Meath have lost to Tyrone in Omagh and were minced at home by Donegal last week. On both occasions, they were in the game for a decent stretch at the beginning but found out their fate with indecent haste once the temperature went up. Donegal, against whom they played two nail-biters last year in Division Two, plundered three goals in 11 minutes last Sunday to put them away with very little fuss.

“There’s a couple of big differences,” says Clarke of the step up. “The main one is the teams in Division One are so much more clinical. You have room for making mistakes or misses. The key stat when you’re playing in Division One is your shooting percentage needs to be over 65 per cent to be in games down the stretch and 70 per cent to be winning them. In Division Two, you’ll get away with a good bit less than that.
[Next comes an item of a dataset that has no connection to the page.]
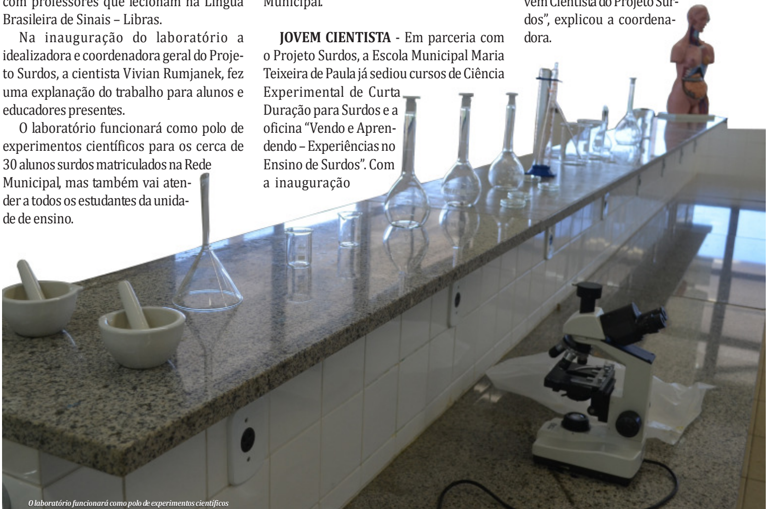
O laboratório funcionará como polo de experimentos científicos
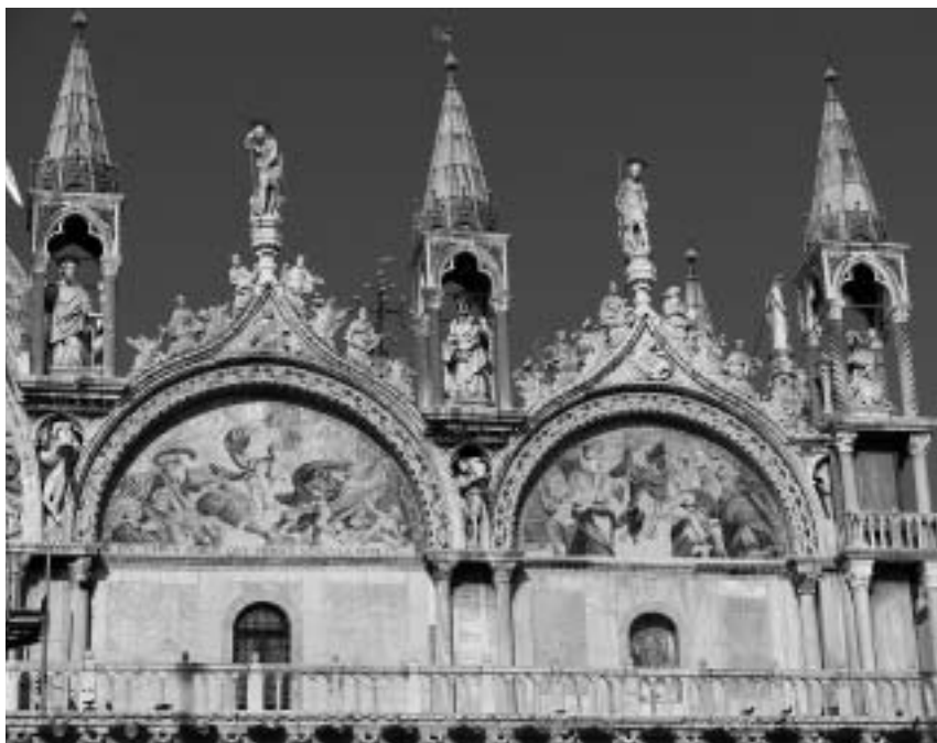
3. San Marco, Venezia, dettaglio della facciata

ripresa di questa forma esotica, tratta dal repertorio decorativo islamico, è apparsa significativa: avrebbe richiamato la storia del santo e indicato l'edificio come il suo "autentico" sacrario. 9 Non va comunque escluso che nella scelta degli archi inflessi siano stati tenuti presenti i reliquiari, considerati i diversi aspetti che la basilica marciana condi-

“The other one is kick-out strategies and the systems goalkeepers come up against for kick-outs. You get your kick-out away an awful lot easier in Division Two, which means that straight away you have a platform to go off. You can go on the offensive nearly every time from your own kick-out because of that. So you’re spending so much more of the game in possession of the ball without having to do an awful lot to get it. Whereas in Division One, it’s under pressure every time.
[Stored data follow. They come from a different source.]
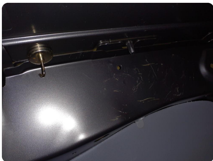
4.1 Øvrige feil Merker, riper, bulk
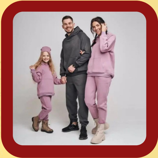
CLOTHING AND APPAREL
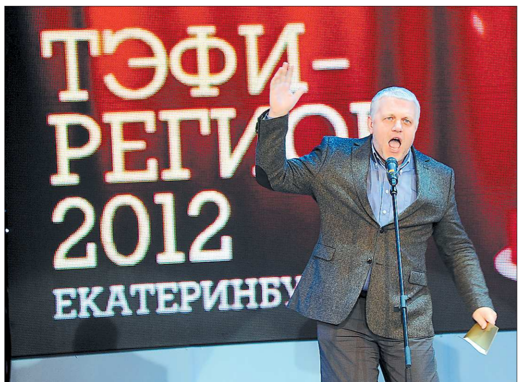
Один из самых известных российских телеакадемиков, член жюри одиннадцатого конкурса регионального телевидения Павел Шеремет (на снимке) пророчит «голубым экранам» долгий век
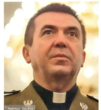
Generalmajor Tadeusz Płoski, der Feldbischof der polnischen Streitkräfte.
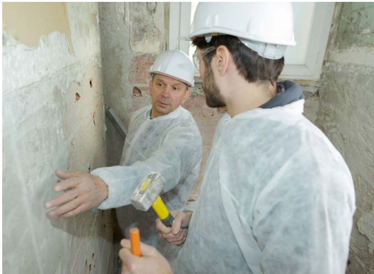
Az alapszakmákat idén januártól csak a szakképző intézményekben tanítják.

“The flipside as well is that when the other team have a kick-out in Division Two, you can afford to press higher up on them. There’s more chance to make them kick long or to turn them over. So you’re on the front foot a lot more.

“We found that when we went into Division One, if we tried an aggressive press against some of the top teams – say three lines of three high up or four in the full-forward line – we weren’t getting those easy turnovers that we’d been getting the year before. The good teams are better at keeping the ball, more aware, more accurate. So you tend to fall back then and invite them on.”
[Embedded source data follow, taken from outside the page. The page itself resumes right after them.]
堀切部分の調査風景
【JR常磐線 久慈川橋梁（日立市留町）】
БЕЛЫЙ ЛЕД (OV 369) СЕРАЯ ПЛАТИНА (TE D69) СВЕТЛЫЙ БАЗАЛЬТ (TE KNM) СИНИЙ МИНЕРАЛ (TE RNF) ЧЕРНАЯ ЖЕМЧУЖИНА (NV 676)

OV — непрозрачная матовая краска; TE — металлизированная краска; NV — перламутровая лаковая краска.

All of which goes to show – yet again – the need to redraw the leagues and to go back to the days of 1A and 1B, 2A and 2B. The distance between the teams at the top of the game and its middle classes has become ingrained by the current structure, leaving the likes of Meath, Kildare, Roscommon, Cavan and the rest gasping for breath the occasional year they get to mix it with them.

And so the gulf gets wider and the material needed to bridge it gets harder and harder to fashion. Meath spent the first three years under Andy McEntee striving to get to the business end of the sport to test themselves out on a weekly basis. They won’t be the last to find themselves blown to smithereens by the granting of their wish.